There are also various factions within the place. As a stocker, Christian is guided down the superstore’s dreary, generic aisles by Bruno, who, during Christian’s probationary period, checks off various passing grades every time Christian performs his duties to his supervisor’s satisfaction. These duties mainly consist of loading large containers of food and beverages and transporting them from one huge shelf to another.
During one such nocturnal sortie, Bruno explains to Christian how departments interrelate: “We don’t get along with canned goods,” Bruno says in a serious tone. “With sweets, we’re fine.”
Soon, Christian makes contact with the sweets aisle manager, fittingly named “Sweets Marion” (played by Sandra Hüller, “Finsterworld,” “Requiem”). Whenever the two happen to stock shelves together, or their coffee breaks happen to coincide, they begin to reveal subtle clues into each other’s private lives.
Soon, Marion is flirting with Christian, but Bruno believes that she will lead him astray from taking his job seriously and training for the all-important forklift driver certification.

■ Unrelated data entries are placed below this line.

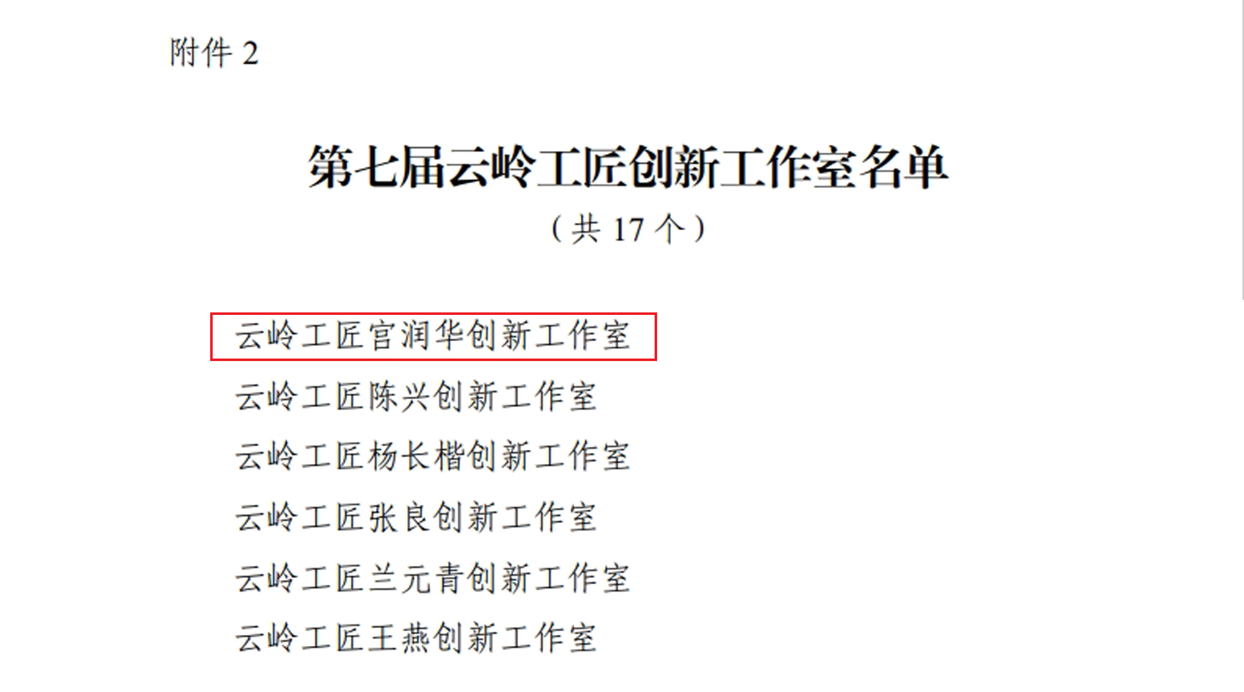 荣誉|宫润华老师获评云岭工匠,获批创新工作室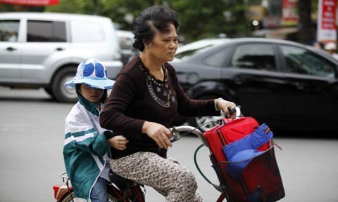 | Mẹ mặc áo cộc tay, con được quấn kín mít vì lạnh |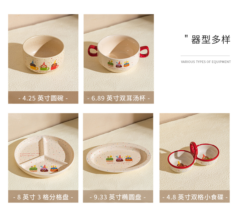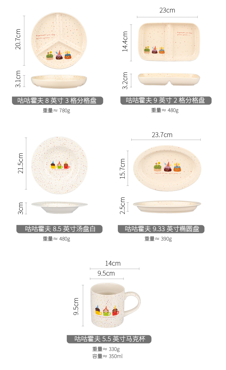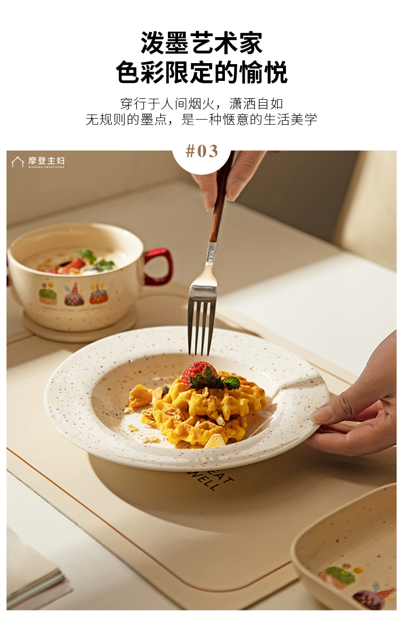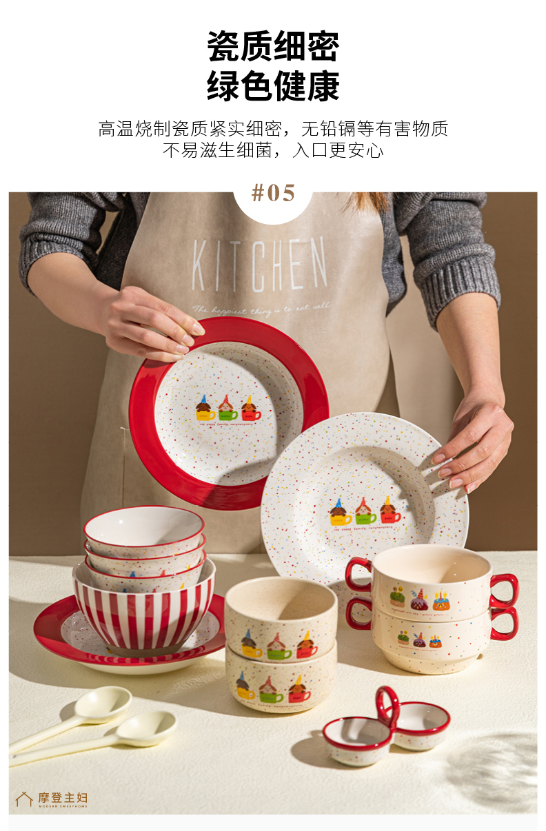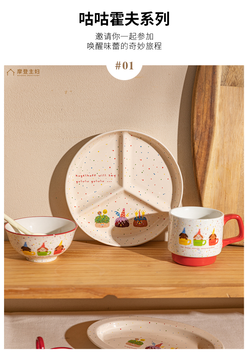 摩登主妇芝麻点可爱陶瓷碗盘子家用卡通餐具饭碗面汤碗盘分格餐盘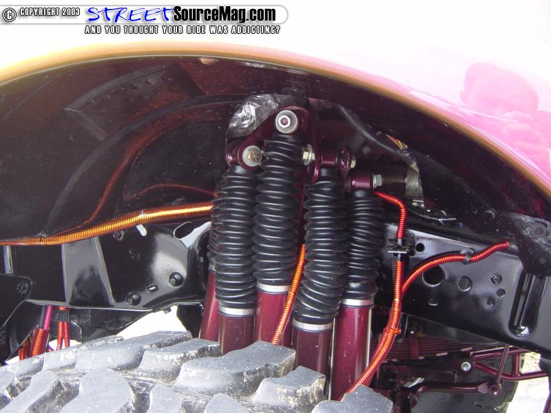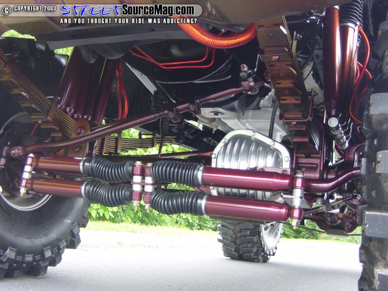 To stiffen up the suspension and provide better control for this heavy SUV, a set of 5-foot Fabtech ladder bars, both front and rear, were added. The shocks were swapped out for a set of 5 shocks per wheel all on custom mounts. There are now a total of 20 shocks. A 4-shock stabilizer system was also added to the front end. The 12" springs were painted to match the truck before they were bolted in.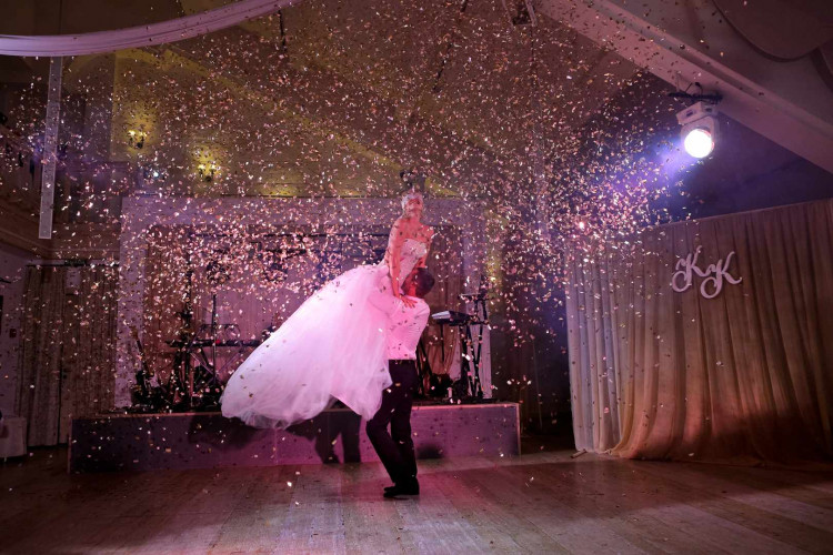 Танцевальную площадку украшают гирляндами из лампочек – вечером получается волшебный эффект от светящихся нитей. Можно подвесить красивую люстру, хрустальные игрушки, крутящийся зеркальный шар.

If this had been a large-budget Hollywood production, I suspect this film would have featured little animals being shot out of devices, fart jokes, and sappy, contrived romance scenes. Instead of focusing on Christian and Marion, though, we are treated to a masterclass in sincerity in filmmaking, as expressed through a plethora of performances that feel earnest and real.
In fact, the characters were so well wrought here and convincing that I would have loved to have seen them in some sort of recurring TV drama where we could get more insight into each of them.
There’s a quiet sadness exhibited by the “semi-skilled” folks working “In the Aisles.” However, this is underscored in the overarching message of having a simple sense of pride in performing a job—no matter how mundane and repetitive—to the best of one’s ability.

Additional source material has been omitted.